Scope of Sarbanes-Oxley Corporate Whistleblower Protection
The whistleblower protection provision of SOX protects:
- employees, officers, and agents of publicly traded companies (companies issuing securities registered under section 12 of the Securities Exchange Act of 1934 or required to file reports under section 15(d) of the Securities Exchange Act of 1934);
- employees of any subsidiary or affiliate of a publicly-traded company whose financial information is included in the consolidated financial statements of such company;
- employees of contractors or subcontractors of public companies, including the attorneys and accountants who prepare public companies’ SEC filings;[i] and
- employees of nationally recognized statistical rating organizations (as defined in section 3(a) of the Securities Exchange Act of 1934 (15 U.S.C. 78c).

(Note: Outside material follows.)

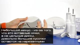 . Универсальная соковыжималка мощностью 1000 Вт. В наличии отдельностоящая емкость для сбора сока, объемом 1,25 л. Резервуар для жмыха имеет объем 2 л. предусмотрен сепаратор для пены и система автоматического выброса мякоти. Управление происходит с помощью переключателя механического типа - всего предусмотрено 2 скорости работы устройства.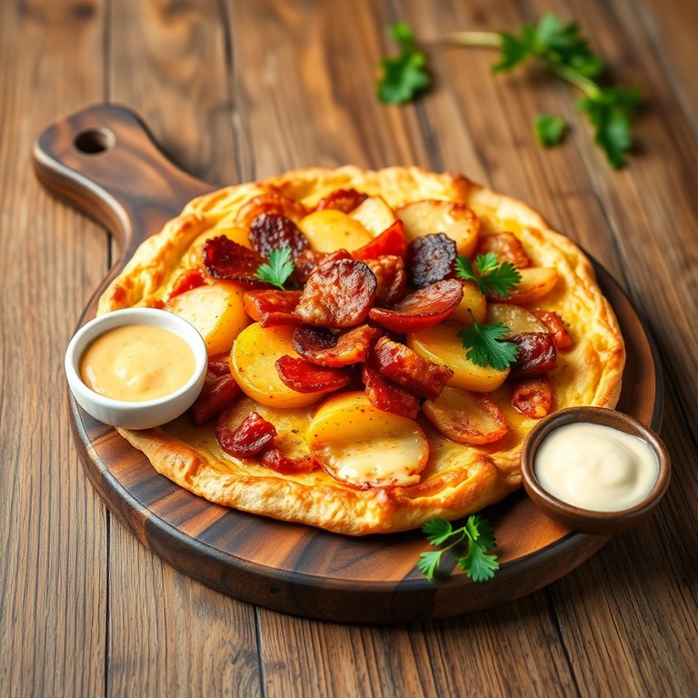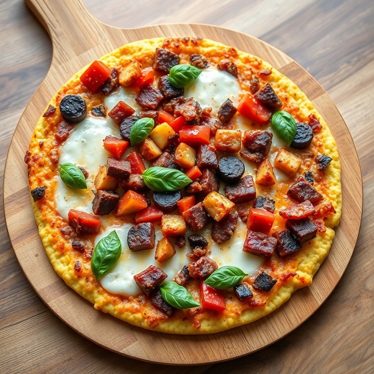 Pizza de Polenta con Salchicha, Tocino, Mozzarella y Vegetales Asados

Employees not protected by SOX may have a remedy under other whistleblower protection laws.
Leading Sarbanes-Oxley whistleblower firm Zuckerman Law represents whistleblowers nationwide. If you are seeking representation in a whistleblower retaliation or whistleblower protection case, click here, or call our whistleblower retaliation lawyers at 202-262-8959 to schedule a confidential consultation.
SOX Whistleblower Protection for Contractors of Public Companies
There are, however, some limitations on SOX coverage for employees of contractors of publicly traded companies:
- “Contractor” is limited to business relationships where “performance of a contract will take place over a significant period of time.”
- SOX “protects contractor employees only to the extent that their whistleblowing relates to ‘the contractor … fulfilling its role as a contractor for the public company, not the contractor in some other capacity.’” In other words, SOX protects a contractor employee who is in a position to detect and report securities violations — for example, the lawyers and accountants in the Enron scandal who were either directly or indirectly witness to the fraud.
- SOX does not cover contractor employees who experience retaliation that is unrelated to the provision of services to a public company. [ii] A contractor’s fraudulent practices do not become subject to § 1514A merely because that company incidentally has a contract with a public company.[iii]
[i] See Lawson, 134 S. Ct. 1158.
[ii] See Anthony v. Nw. Mut. Life Ins. Co., 130 F. Supp. 3d 644 (N.D.N.Y. 2015); see also Gibney v. Evolution Mktg. Research, LLC, 25 F. Supp. 3d 741 (E.D. Pa. 2014).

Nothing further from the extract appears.